Required work
Each line below must be reproduced exactly as it stands. Pictures stay out of the copy.

(Stored records)
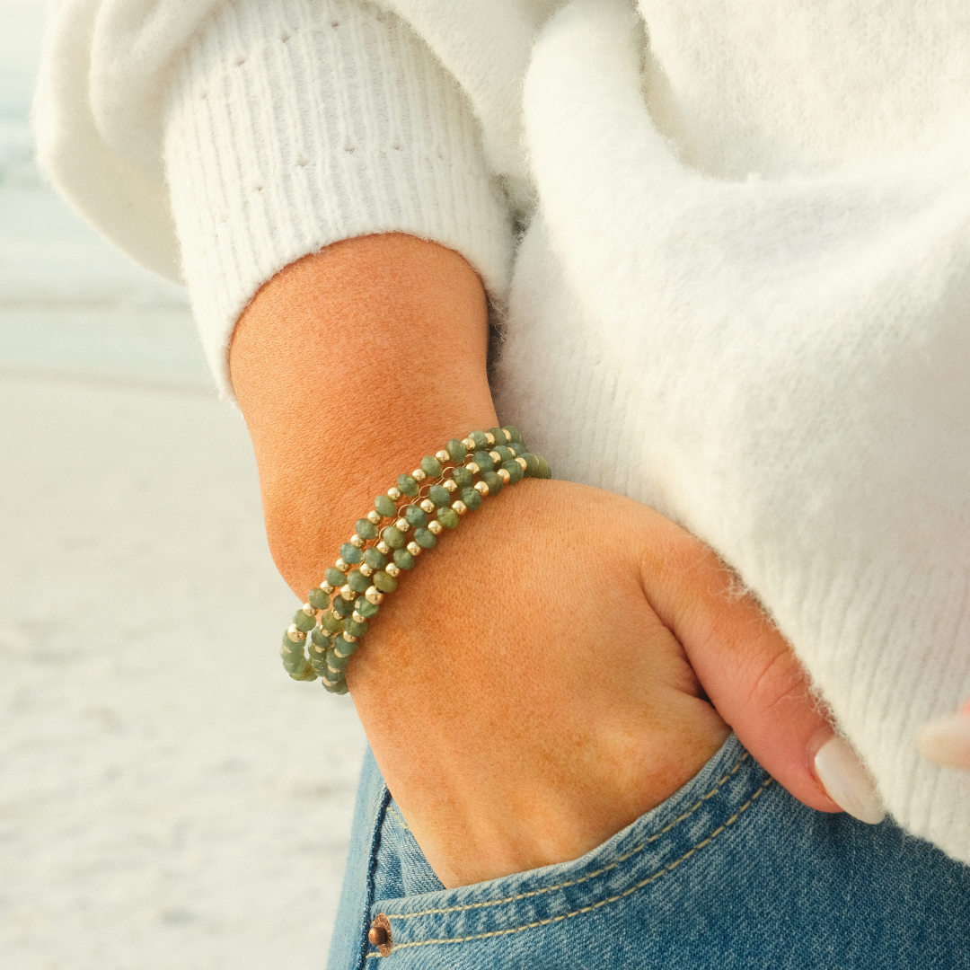 Add a little pop of color to any stack with our genuine gemstone bracelets!
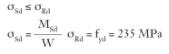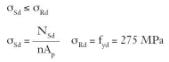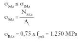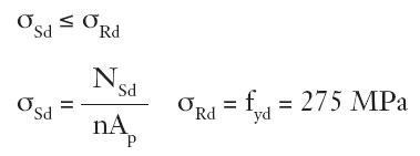 en que NSd representa el valor de cálculo del esfuerzo de tracción máximo en el apoyo , n = 2, o el número de tornillos en ese apoyo, A el área útil de la sección transversal del tornillo, sSd el valor de cálculo de la tensión de la tracción actuante y sRd el valor de cálculo de la resistencia a tracción del acero del tornillo
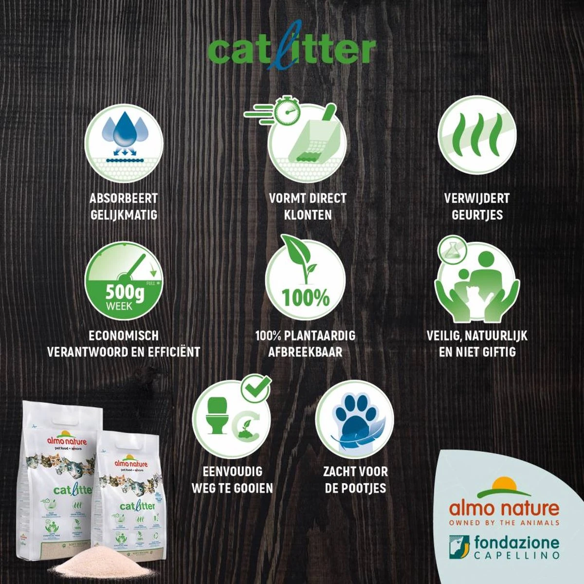 Extreem snelle klontvorming waardoor alleen de bovenste laag van het Almo Nature kattengrit vervangen hoeft te worden. Hierdoor blijft zowel de kattenbak als de resterende kattenbakvulling schoon.
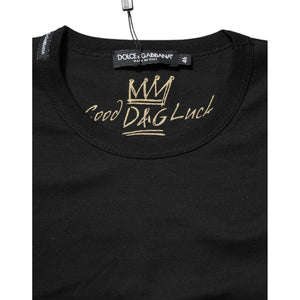 Dolce & Gabbana Black Cotton Goodluck Tee Crew Neck T-shirt
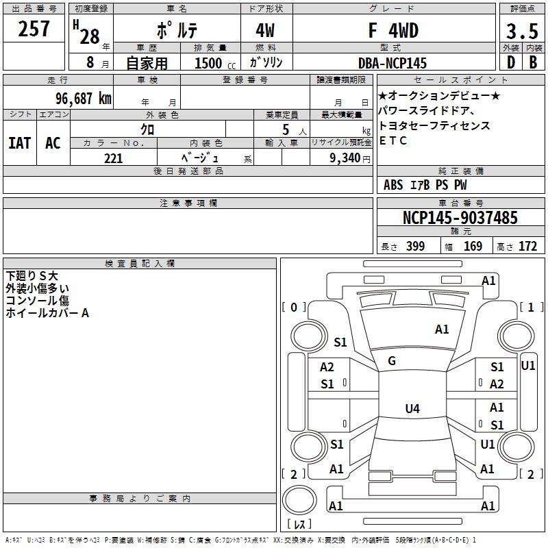 TOYOTA PORTE F 4WD - лот 257
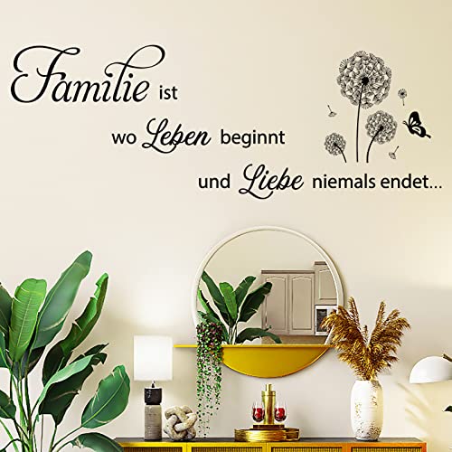 Wandtattoo Sprüche 100x35cm Wandsticker Familie ist wo Leben beginnt Pusteblume Schwarz Wandaufkleber Selbstklebend Familienspruch Sticker [...]
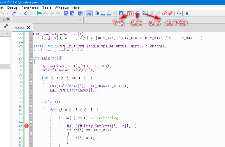 点击仿真,开始调试:
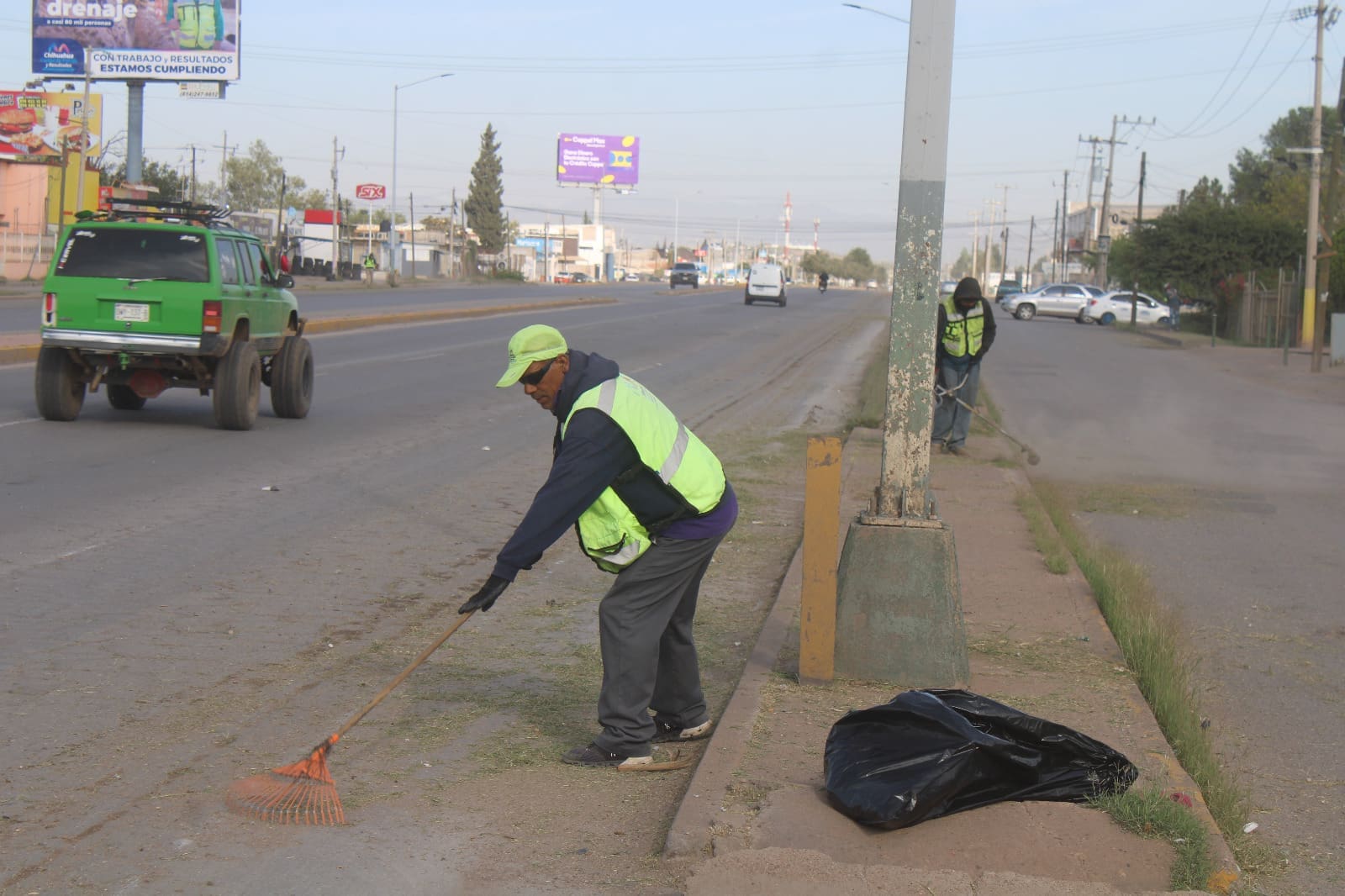 Estas acciones son posibles mediante el trabajo de las cuadrillas manuales que día a día mantienen esta labor con el corte de hierba, sopleteo, papeleo y pepena de las principales calles y avenidas.
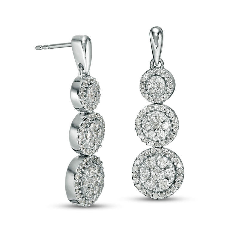 1 CT. T.W. Composite Diamond Frame Three-Stone Drop Earrings in 10K White Gold
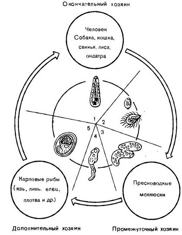 Описторх (от греч. opisthen – сзади и orchis – семенник, заднесеменниковый) паразитирует в желчных ходах печени, желчном пузыре и поджелудочной железе человека, собаки, кошки, свиньи и некоторых диких животных.
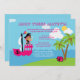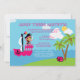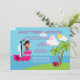 This 5x7 girls birthday party invite has a pink pirate theme! There is a brown hair pirate sailing on her pirate ship on the left side. There is a pink parrot flying around her head. On the right, there is an island with some palm trees and a pink treasure chest. You can easily customise your party information in the middle. Graphics by Zenware Designs at Mygrafico
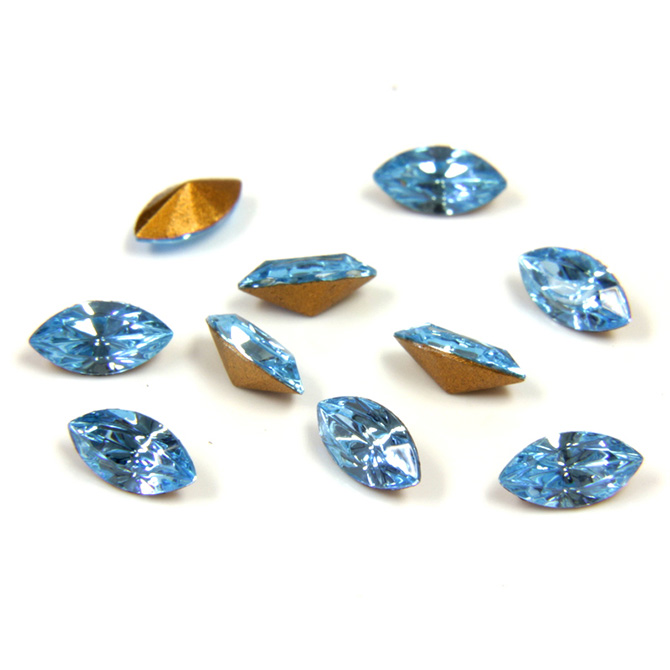 Swarovski Crystal Foiled Point Back Tin Table Cut (TTC) Fancy Stone - Navette 06x3MM AQUAMARINE
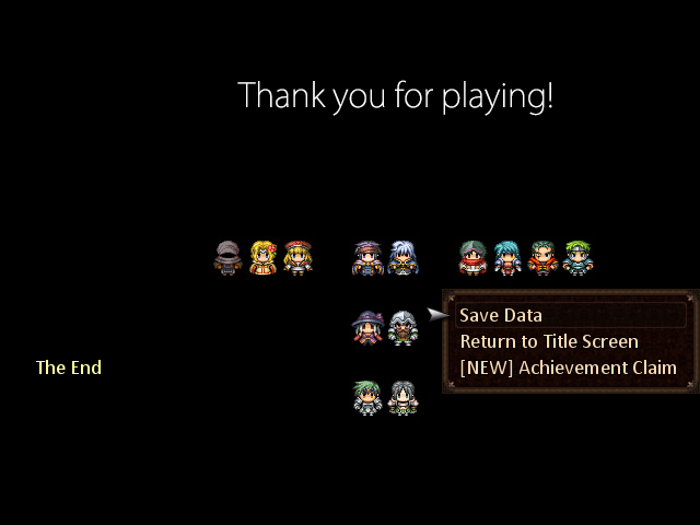 Changes to Existing Events - At both ending areas, it is possible to obtain the acheivements that have been added recently through a menu. This is so existing players will not have to replay the game fully.
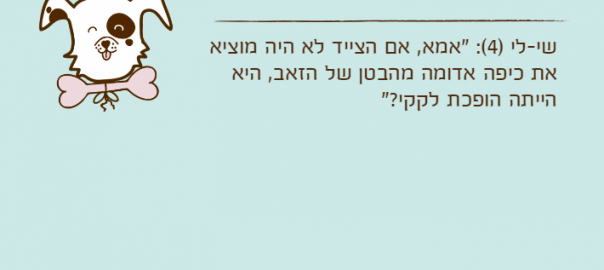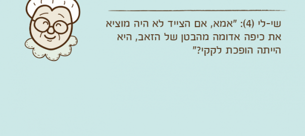 שי-לי )4(: "אמא, אם הצייד לא היה מוציא את כיפה אדומה מהבטן של הזאב, היא הייתה הופכת לקקי?"
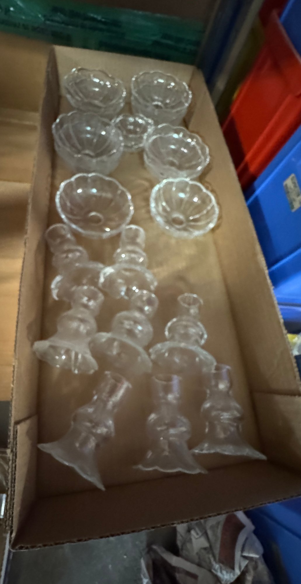 Crystal Sconce and Chandelier Parts, you get everything in the 3 boxes. See pics for description and condition. Includes arms, back plates, bobeshes, candle cups, distributors.
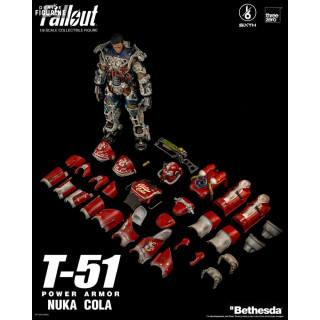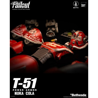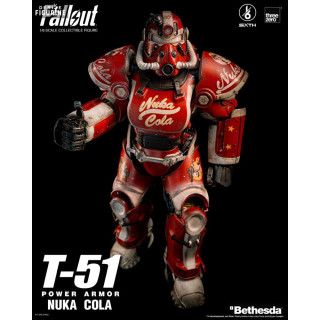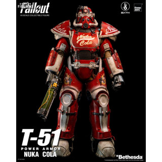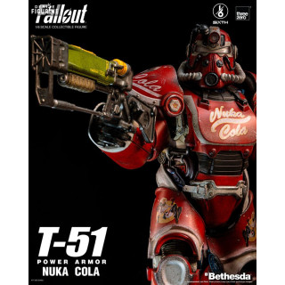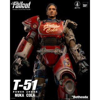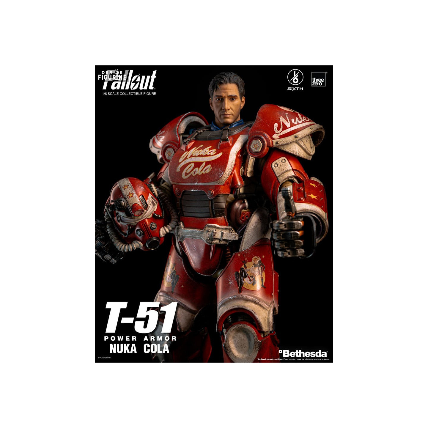 Figurine officielle de T-51 Power Armor, Nuka Cola mesurant environ 37 centimètres de haut, à l'échelle 1/6. Le fabricant est ThreeZero.
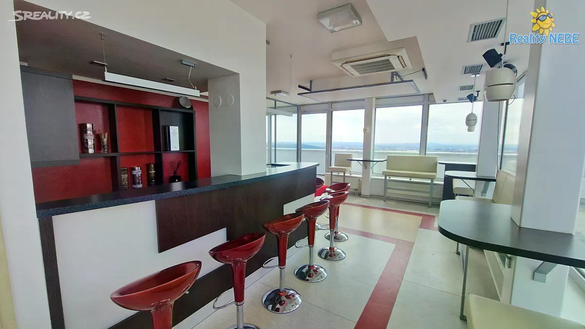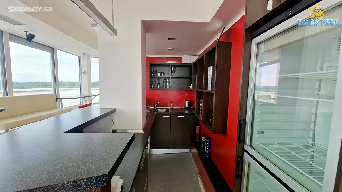 Nabízíme k prodeji exkluzivní dvoupatrový byt v celém 15. a 16. NP věže Orion, Majdalenky, Brno - Lesná. Byt se skládá ze tří částí. 15. NP je dostupné dvěma výtahy, 16. NP má svůj vlastní vchod ze schodiště a nebo ze spodního většího bytu. Obě podlaží mají venkovní rolety, 15. NP je klimatizováno, 16. NP je klimatizováno navíc s výkonnou vzduchotechnikou. V 15. NP se nachází exkluzivní zařízený byt 2+kk (184 m2) - obývací pokoj s jídelnou, barem a kuchyňskou linkou (96 m2), ložnice s pracovnou a předsíní (48 m2 - prosklený sprchový kout, kancelářské zázemí), lodžie (14 m2), předsíň se šatnou (17 m2), koupelna s vířivou vanou (7 m2), WC (2 m2). Dále se v 15. NP se nachází druhý byt 2+kk (48 m2) - předsíň s kuchyňským koutem, koupelna s WC a sprchovým koutem a dva pokoje se 3 dvojlůžky. Oba byty jsou propojené a lze je užívat jako jeden velký byt, nebo je lze oddělit, každý má vlastní vstup. V celém 16. NP se pak nachází koktejlbar s wellness zázemím a terasou (214 m2) - koktejlbar (59 m2 - bar, ozvučení Bose, diskoefekty, 34 míst k sezení, 2x WC), převlékárna (7 m2 - parní lázeň, uzamykatelné skříňky), okružní terasa (148 m2 - sauna finská / parní / 5 míst, vířivá vana /7 míst/, gril bar, 30 míst k sezení, denní a noční dalekohled s kruhovým výhledem na Brno a okolí až 120 km). Součástí jsou také dvě garážová stání a dva sklepy. Jde o klidnou lokalitu na kopci u lesa, uzavřený areál s kamerovým systémem a dostatečnou kapacitou parkovacích míst. MHD uzel a prodejna Billa v těsné blízkosti. V areálu bytového komplexu Orion se nachází restaurace s wellness centrem, plaveckým bazénem, fitnesscentrem a lékarnou. Celkově se jedná o výjimečný mezonetový penthouse v top lokalitě, rozprostírající se v celém 15. a 16. patře na vrcholu věže komplexu Orion s 360° výhledem na celé Brno a okolí. Vážní zájemci volejte Po-Pá 9-18h.

Exercise solution
 Add a little pop of color to any stack with our genuine gemstone bracelets!
 en que NSd representa el valor de cálculo del esfuerzo de tracción máximo en el apoyo , n = 2, o el número de tornillos en ese apoyo, A el área útil de la sección transversal del tornillo, sSd el valor de cálculo de la tensión de la tracción actuante y sRd el valor de cálculo de la resistencia a tracción del acero del tornillo
 Extreem snelle klontvorming waardoor alleen de bovenste laag van het Almo Nature kattengrit vervangen hoeft te worden. Hierdoor blijft zowel de kattenbak als de resterende kattenbakvulling schoon.
 Dolce & Gabbana Black Cotton Goodluck Tee Crew Neck T-shirt
 TOYOTA PORTE F 4WD - лот 257
 Wandtattoo Sprüche 100x35cm Wandsticker Familie ist wo Leben beginnt Pusteblume Schwarz Wandaufkleber Selbstklebend Familienspruch Sticker [...]
 点击仿真,开始调试:
 Estas acciones son posibles mediante el trabajo de las cuadrillas manuales que día a día mantienen esta labor con el corte de hierba, sopleteo, papeleo y pepena de las principales calles y avenidas.
 1 CT. T.W. Composite Diamond Frame Three-Stone Drop Earrings in 10K White Gold
 Описторх (от греч. opisthen – сзади и orchis – семенник, заднесеменниковый) паразитирует в желчных ходах печени, желчном пузыре и поджелудочной железе человека, собаки, кошки, свиньи и некоторых диких животных.
 This 5x7 girls birthday party invite has a pink pirate theme! There is a brown hair pirate sailing on her pirate ship on the left side. There is a pink parrot flying around her head. On the right, there is an island with some palm trees and a pink treasure chest. You can easily customise your party information in the middle. Graphics by Zenware Designs at Mygrafico
 Swarovski Crystal Foiled Point Back Tin Table Cut (TTC) Fancy Stone - Navette 06x3MM AQUAMARINE
 Changes to Existing Events - At both ending areas, it is possible to obtain the acheivements that have been added recently through a menu. This is so existing players will not have to replay the game fully.
 שי-לי )4(: "אמא, אם הצייד לא היה מוציא את כיפה אדומה מהבטן של הזאב, היא הייתה הופכת לקקי?"
 Crystal Sconce and Chandelier Parts, you get everything in the 3 boxes. See pics for description and condition. Includes arms, back plates, bobeshes, candle cups, distributors.
 Figurine officielle de T-51 Power Armor, Nuka Cola mesurant environ 37 centimètres de haut, à l'échelle 1/6. Le fabricant est ThreeZero.
 Nabízíme k prodeji exkluzivní dvoupatrový byt v celém 15. a 16. NP věže Orion, Majdalenky, Brno - Lesná. Byt se skládá ze tří částí. 15. NP je dostupné dvěma výtahy, 16. NP má svůj vlastní vchod ze schodiště a nebo ze spodního většího bytu. Obě podlaží mají venkovní rolety, 15. NP je klimatizováno, 16. NP je klimatizováno navíc s výkonnou vzduchotechnikou. V 15. NP se nachází exkluzivní zařízený byt 2+kk (184 m2) - obývací pokoj s jídelnou, barem a kuchyňskou linkou (96 m2), ložnice s pracovnou a předsíní (48 m2 - prosklený sprchový kout, kancelářské zázemí), lodžie (14 m2), předsíň se šatnou (17 m2), koupelna s vířivou vanou (7 m2), WC (2 m2). Dále se v 15. NP se nachází druhý byt 2+kk (48 m2) - předsíň s kuchyňským koutem, koupelna s WC a sprchovým koutem a dva pokoje se 3 dvojlůžky. Oba byty jsou propojené a lze je užívat jako jeden velký byt, nebo je lze oddělit, každý má vlastní vstup. V celém 16. NP se pak nachází koktejlbar s wellness zázemím a terasou (214 m2) - koktejlbar (59 m2 - bar, ozvučení Bose, diskoefekty, 34 míst k sezení, 2x WC), převlékárna (7 m2 - parní lázeň, uzamykatelné skříňky), okružní terasa (148 m2 - sauna finská / parní / 5 míst, vířivá vana /7 míst/, gril bar, 30 míst k sezení, denní a noční dalekohled s kruhovým výhledem na Brno a okolí až 120 km). Součástí jsou také dvě garážová stání a dva sklepy. Jde o klidnou lokalitu na kopci u lesa, uzavřený areál s kamerovým systémem a dostatečnou kapacitou parkovacích míst. MHD uzel a prodejna Billa v těsné blízkosti. V areálu bytového komplexu Orion se nachází restaurace s wellness centrem, plaveckým bazénem, fitnesscentrem a lékarnou. Celkově se jedná o výjimečný mezonetový penthouse v top lokalitě, rozprostírající se v celém 15. a 16. patře na vrcholu věže komplexu Orion s 360° výhledem na celé Brno a okolí. Vážní zájemci volejte Po-Pá 9-18h.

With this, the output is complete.